Given the close proximity to the Fore Abbey, the estate owner Smythe concluded that the bell possibly belonged to the St Feichin Abbey; During the Viking and Anglo-Norman oppressions, it may have been transferred to Nun's Island, before being eventually being hidden upon Castle Island.

The Bell has a faint outline of the Christian Celtic cross upon opposing sides of the bell and an ornamental periphiral border. Smythe pronounced that ornamentation was generally reserved for the cases or shrines for that era and was therefore most unusual.
The bell appears similar to two other bells from that early Christian period. These had been found in Bangor, County Down in the year 1832, and another in Cashel, County Tipperary in 1849. Smythe, the Barbavila owner, believed that the Lough Lene Bell was contemporary to these bells which were believed to be from the 7th century, therefore supporting his theory that it was possible that it could have been a relic of St. Feichins.

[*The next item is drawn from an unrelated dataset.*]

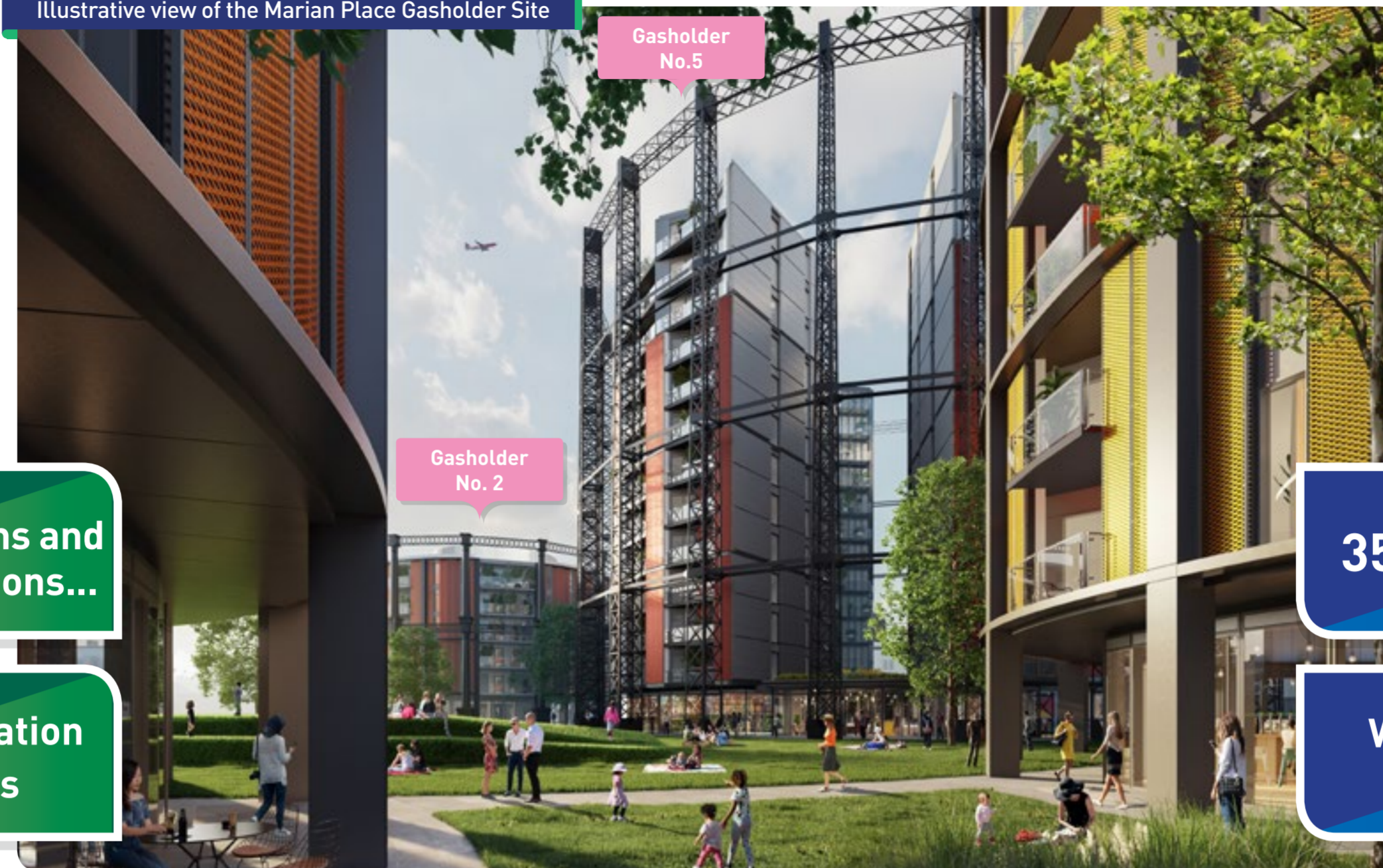
Illustrative view of the Marian Place Gasholder Site

The Folklore Commission also hold an account of Kit "the Blade" Fagan's discovery of the bell, which consequentially triggered a local treasure hunt for further artifacts around Collinstown and Fore.

While the original Lough Lene Bell remains within the National Museum, a half sized replica holds a place of pride as the Ceann Comhairle's Bell in Dáil Éireann.
This replica was presented to the Dáil in 1931 by the widow of Major Bryan Cooper, a former member of the House.